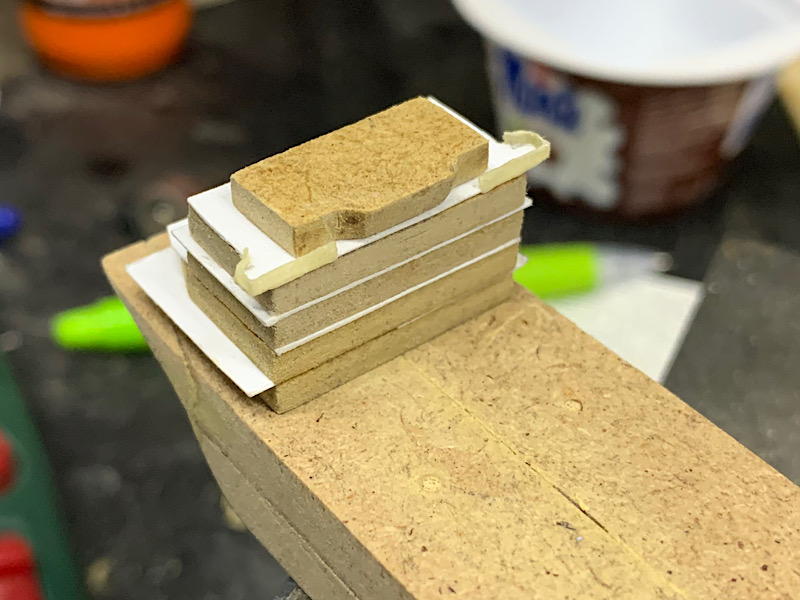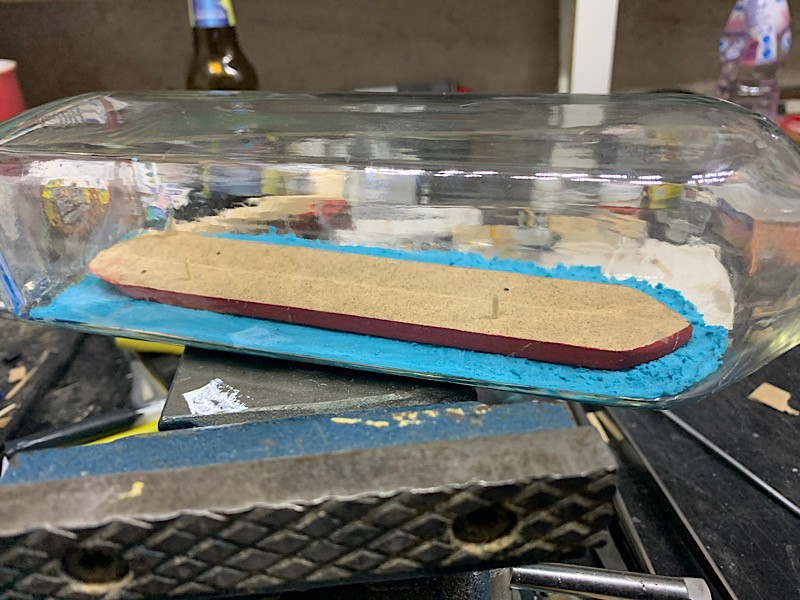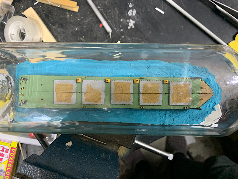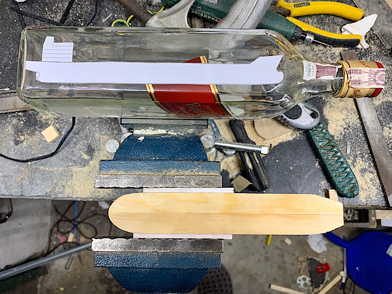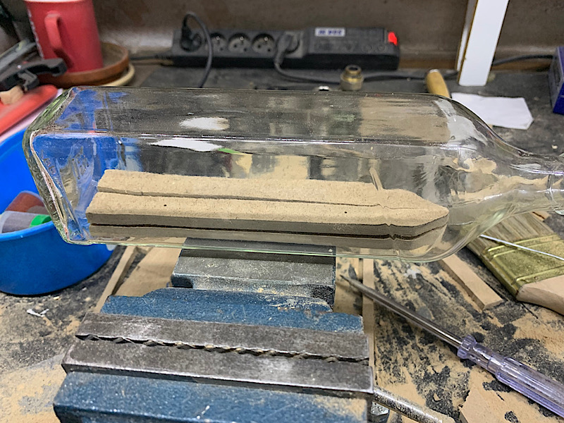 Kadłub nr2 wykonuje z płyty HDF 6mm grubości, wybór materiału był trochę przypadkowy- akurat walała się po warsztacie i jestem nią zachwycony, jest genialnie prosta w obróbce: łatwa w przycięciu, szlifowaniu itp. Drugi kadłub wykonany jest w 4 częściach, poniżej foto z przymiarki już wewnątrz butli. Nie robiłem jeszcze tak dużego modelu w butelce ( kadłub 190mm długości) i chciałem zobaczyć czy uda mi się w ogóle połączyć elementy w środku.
============
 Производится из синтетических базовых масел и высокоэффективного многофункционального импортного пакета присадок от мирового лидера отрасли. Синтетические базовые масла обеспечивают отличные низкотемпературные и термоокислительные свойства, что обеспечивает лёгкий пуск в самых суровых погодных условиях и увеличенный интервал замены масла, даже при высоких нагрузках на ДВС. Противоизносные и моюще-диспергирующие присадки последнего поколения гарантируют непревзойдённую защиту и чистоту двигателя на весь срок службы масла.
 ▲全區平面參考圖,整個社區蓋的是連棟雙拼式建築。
============
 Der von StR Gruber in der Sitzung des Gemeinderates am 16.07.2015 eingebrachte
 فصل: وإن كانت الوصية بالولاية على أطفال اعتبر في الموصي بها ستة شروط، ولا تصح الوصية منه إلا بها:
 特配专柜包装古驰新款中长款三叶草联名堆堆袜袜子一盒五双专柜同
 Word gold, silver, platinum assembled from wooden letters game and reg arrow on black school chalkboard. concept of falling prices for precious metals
============
▶ _EXERCISE DESCRIPTION_:
Can you repeat, word for word, every line above from the one containing "Der von StR" down to the one containing "Word gold, silver, platinum", including both?

▶ _ANSWER BOX_:
 Der von StR Gruber in der Sitzung des Gemeinderates am 16.07.2015 eingebrachte
 فصل: وإن كانت الوصية بالولاية على أطفال اعتبر في الموصي بها ستة شروط، ولا تصح الوصية منه إلا بها:
 特配专柜包装古驰新款中长款三叶草联名堆堆袜袜子一盒五双专柜同
 Word gold, silver, platinum assembled from wooden letters game and reg arrow on black school chalkboard. concept of falling prices for precious metals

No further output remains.